However, in silico approaches are gaining traction in the metabolomics field and since the appearance of AI at the end of the first half of the 20th century, the technology has evolved greatly. In the 1980s, a branch of AI was born: machine learning (ML). ML is an analytical way of solving problems through identification, classification, or prediction. ML can gather and build knowledge from complex datasets (e.g., MS/MS data from metabolite repositories), that can be leveraged to generate predictive rules for interpretating experimental MS/MS data and generating structural hypothesis in the de novo identification of unknowns (Aguilar-Mogas et al., 2017). ML methods can also learn intermediate representations, such as molecular fingerprints (Cereto-Massagué et al., 2015) from historical spectrum–structure relationships (Dührkop et al., 2015). For example, Liu et al. have recently provided a proof of concept using an association rule mining strategy for metabolite substructure auto-recommendation (MESSAR) (Liu et al., 2020).

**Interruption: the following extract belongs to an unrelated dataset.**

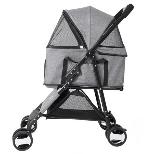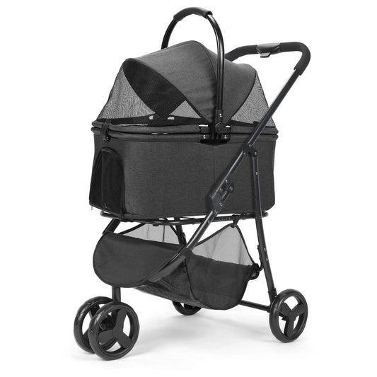 Convertible Canopy Dog Stroller with Detachable Carrier Basket Car Seat, Storage & Cup Holder
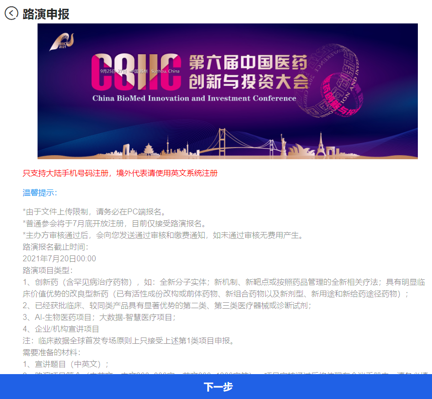 如需进行项目路演或者临床数据全球首发申报,请选择【路演报名】。

The embedment of this type of tools in the untargeted metabolomics pipeline will significantly ease/facilitate the interpretation of the MS/MS data, especially if trained on comprehensive databases such as METLIN, NIST, MassBank or mzCloud. Already in 2011, a branch of machine learning called deep learning (DL) appeared. While ML operates with regression algorithms or decision trees (e.g., random forest), DL uses neural networks that function very similar to biological neural connections of our brain. DL can also be used to target compounds for which neither spectral nor structural reference data are available and predict classes lacking tandem mass spectrometry training sets (Dührkop et al., 2021).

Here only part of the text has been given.